6.         When Corbin was reminded of his outstanding parking citation from June 23, 2009, he contacted Lynne and told Lynne that he thought he was being treated unfairly because supervisors had been parking in the same lot without repercussions.

 

7.         On April 25, 2010, Lynne wrote and sent an e-mail to Sergeant Ruben Bonilla, titled “Illegal Parking”:

 

Ruben,

It has come to my attention that our department is cracking down on an officer who received a parking ticket for being parked in the engineering lot, and demanding that he pay a $35 fine.

I recall shortly after your job title changed from Lieutenant to Sergeant, I saw you with your vehicle parked in that lot just prior to your shift.  I recall I took a photo of your vehicle with my cell phone and you made a comment about having to move or something like that.  I deleted the photo, but you did not move your vehicle.  I have seen your vehicle, and those of other supervisors parked in that lot on many other occasions.

As a supervisor, you lead by example.  If an officer sees you and other supervisors park your personal vehicles in that lot, the officer would naturally assume that it is ok to park there also.  One has done so, and now faces a $35 fine.

Simply because you did not “get caught”, that is, receive a parking citation, does not mean that it was alright [sic] for you or other supervisors to park there.

As a supervisor, it is your duty to notify your supervisor that you have illegally parked your personal vehicle in the engineering lot in the past, and offer to pay the $35 fine for each instance you can recall illegally parking there, so that everyone is treated equally.  As a supervisor, you should also report to your supervisor if you have observed other supervisors also illegally parking there and request that he take appropriate action.

I assume that you will take the appropriate action within the next few days.

 

Thank you,

 

Michael Lynne

Shop Steward

WFSE Local 1488

 

            Lynne’s e-mail to Bonilla was not a statutorily protected activity, and as a result, the union has not made its prima facie case the employer discriminated against Lynne.

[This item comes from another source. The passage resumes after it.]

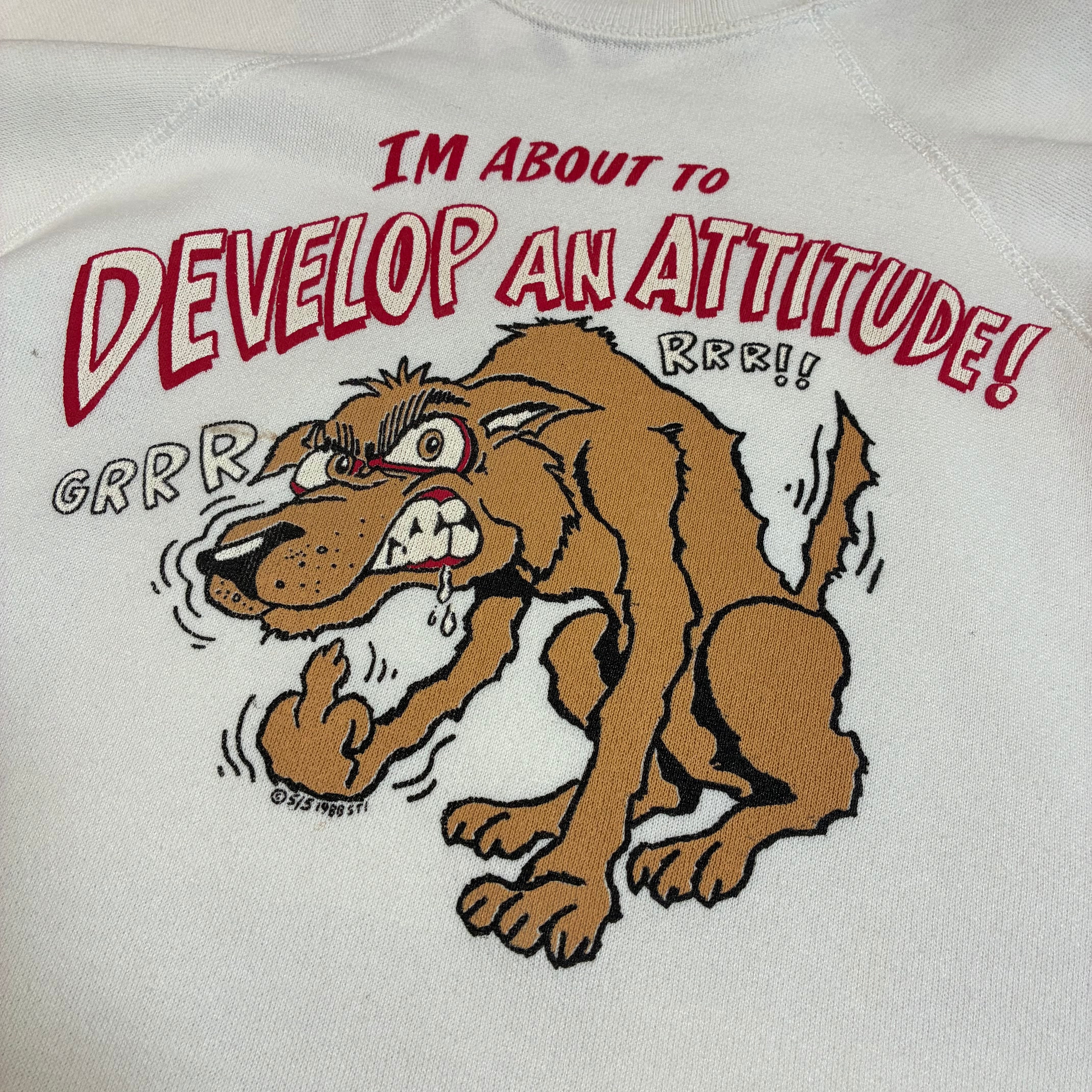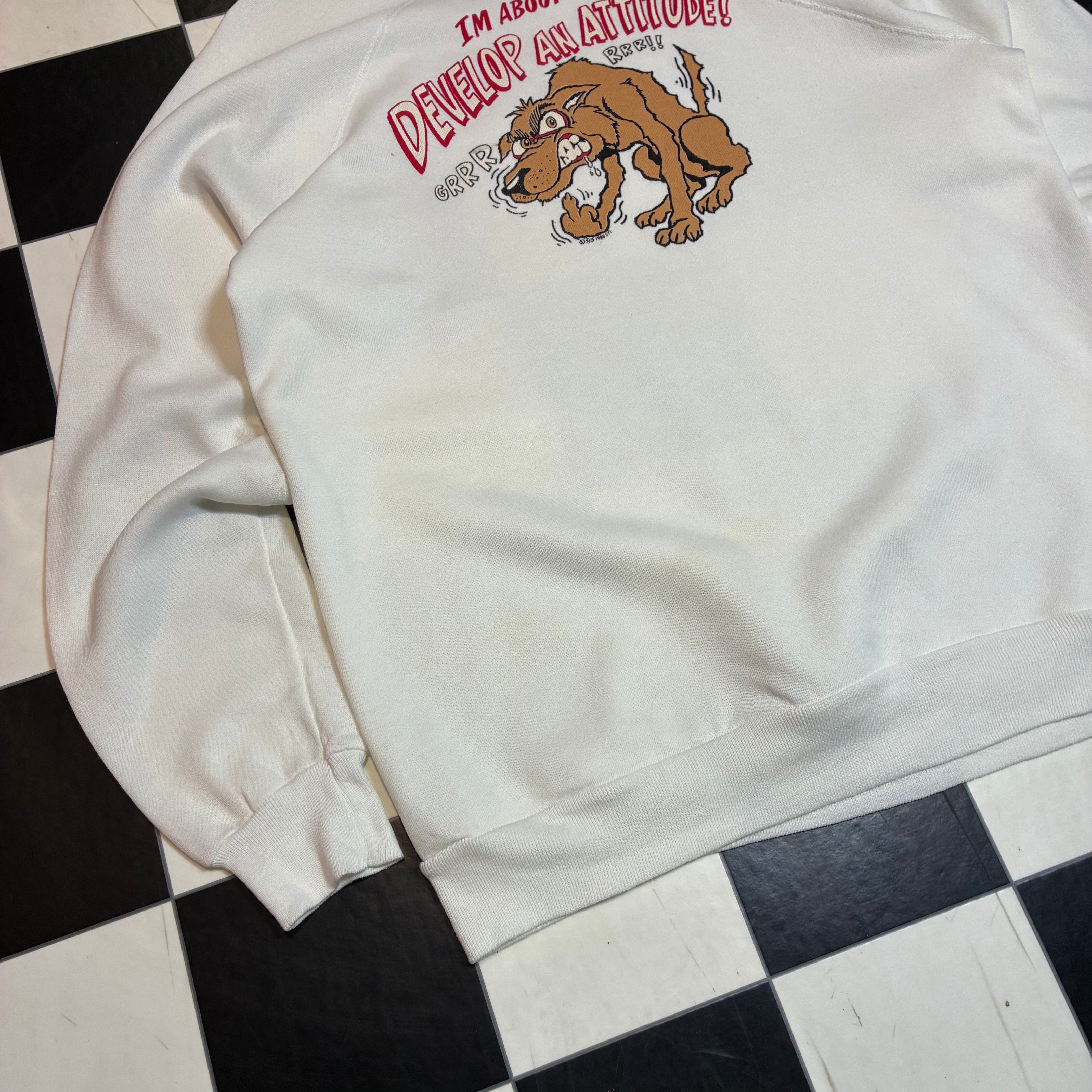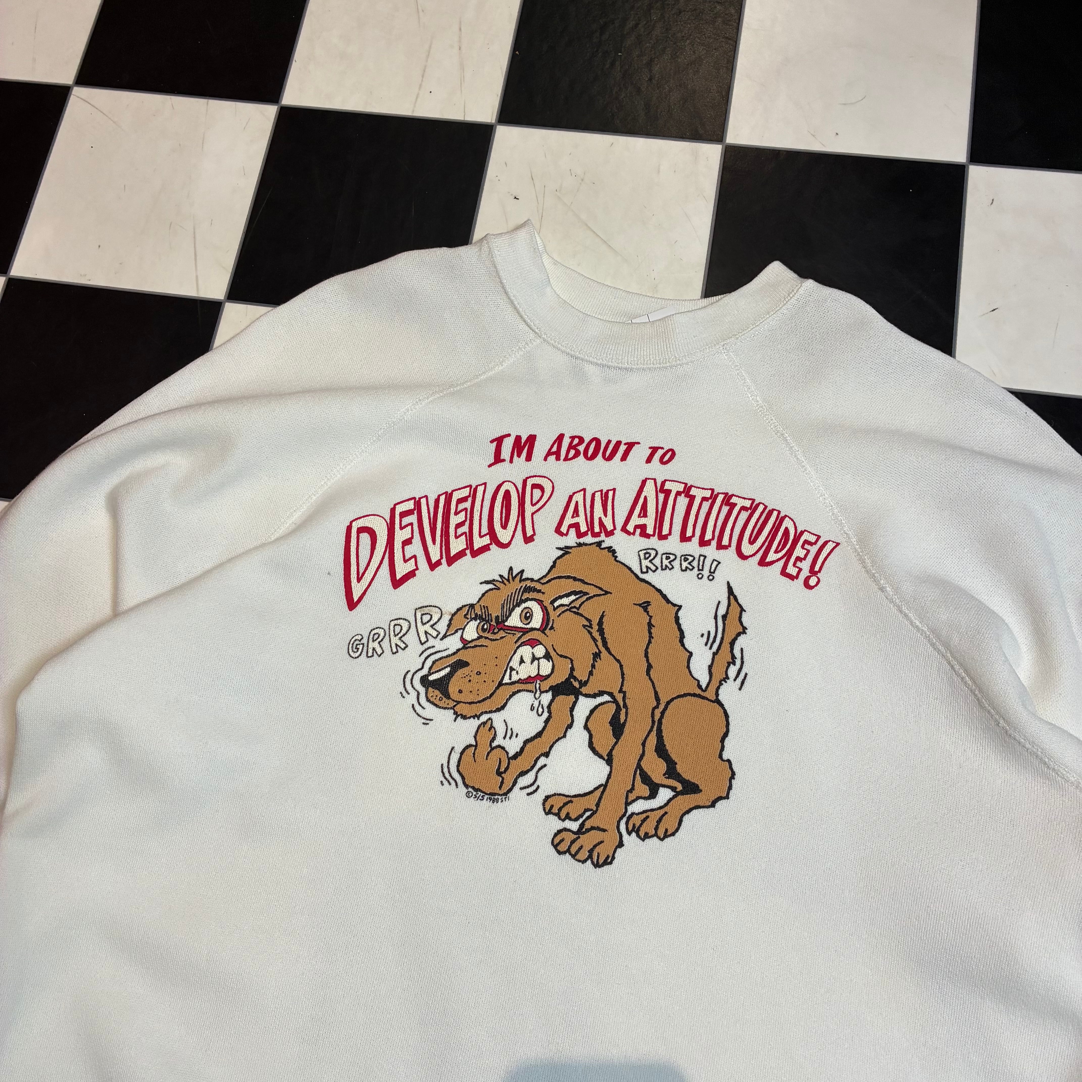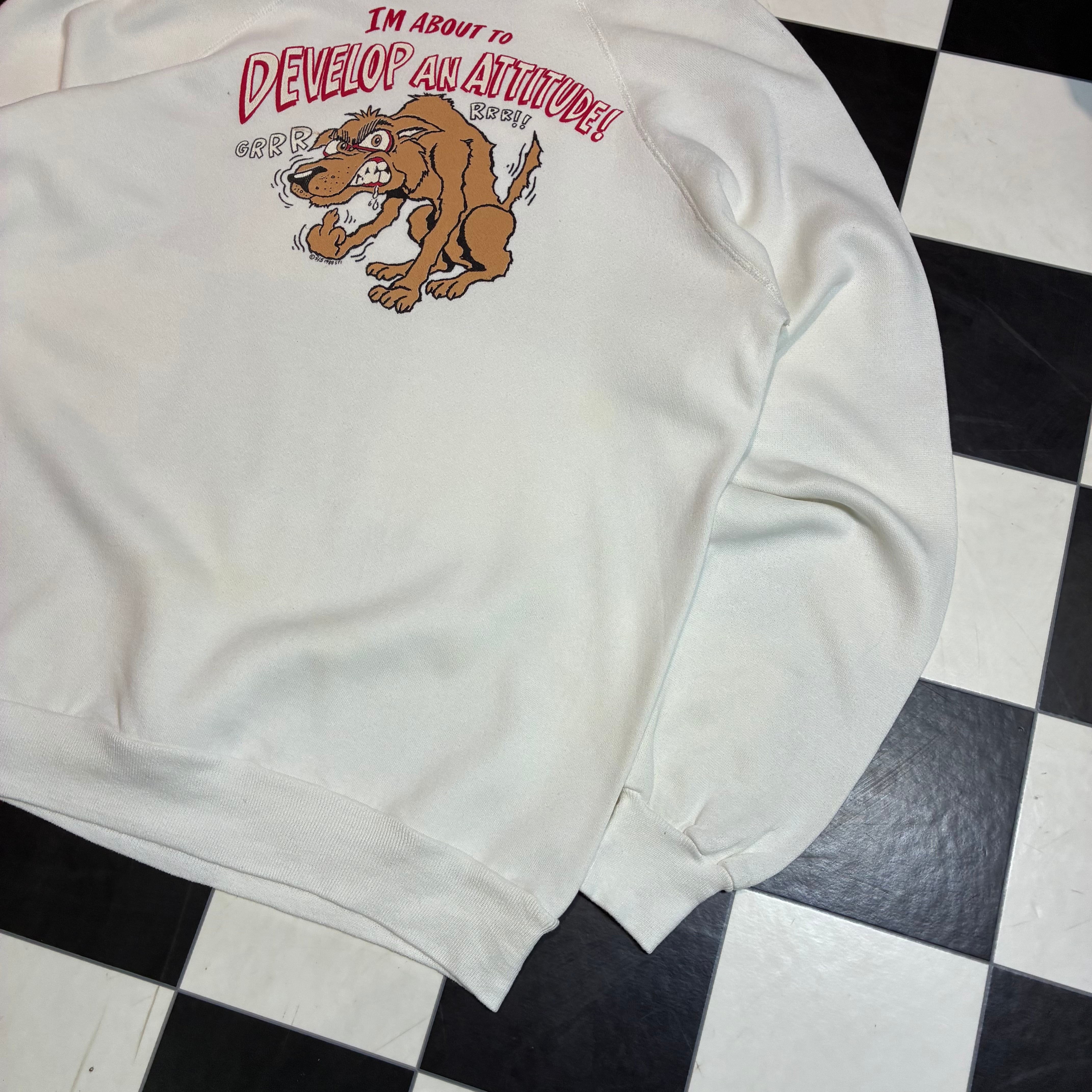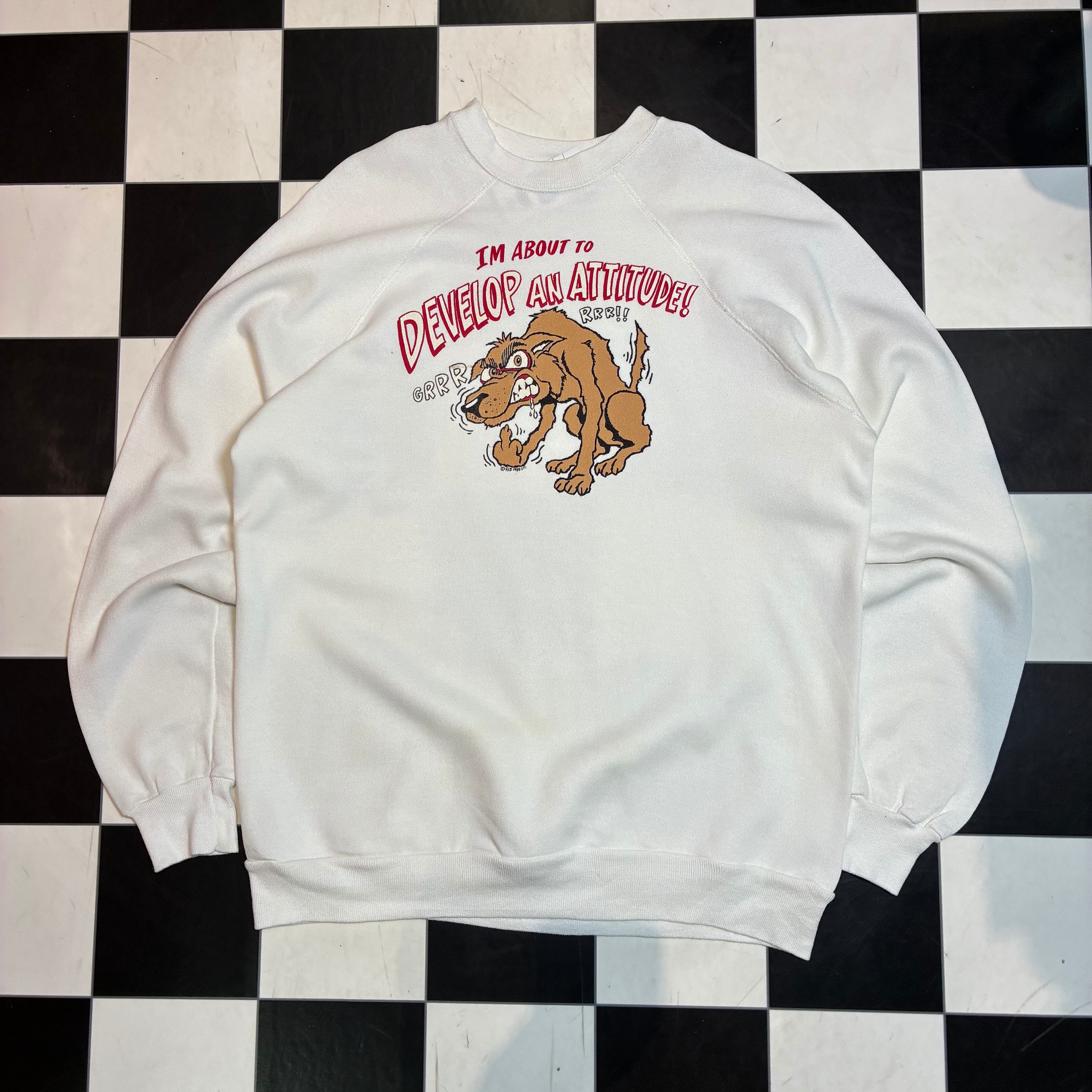80s Vintage ラグランスウェット ブチギレわんちゃん ファック

8.         On April 29, 2010, Angeles notified Lynne that he was scheduled for an investigatory meeting regarding the e-mail to Bonilla, and the meeting occurred on May 26, 2010.

 

9.         On August 2, 2010, Garber gave Lynne a final counseling letter, which mentioned the e-mail along with other incidents involving Lynne on May 12, June 2, and July 15 that the employer considered insubordinate and disrespectful.

 

CONCLUSIONS OF LAW

 

1.         The Public Employment Relations Commission has jurisdiction in this matter under Chapter 41.80 RCW and Chapter 391-45 WAC.

 

2.         By its actions described in Finding of Fact 9, the employer did not discriminate against Lynne or interfere with employee rights, and did not violate RCW 41.80.110(1)(a) or (c).

 

ORDER

 

The complaint charging unfair labor practices filed in the above-captioned matter is dismissed.

 

ISSUED at Olympia, Washington, this  11th  day of October, 2011.

 

 

PUBLIC EMPLOYMENT RELATIONS COMMISSION

 

 

 

JOEL GREENE, Examiner

 

This order will be the final order of the

agency unless a notice of appeal is filed

with the Commission under WAC 391-45-350.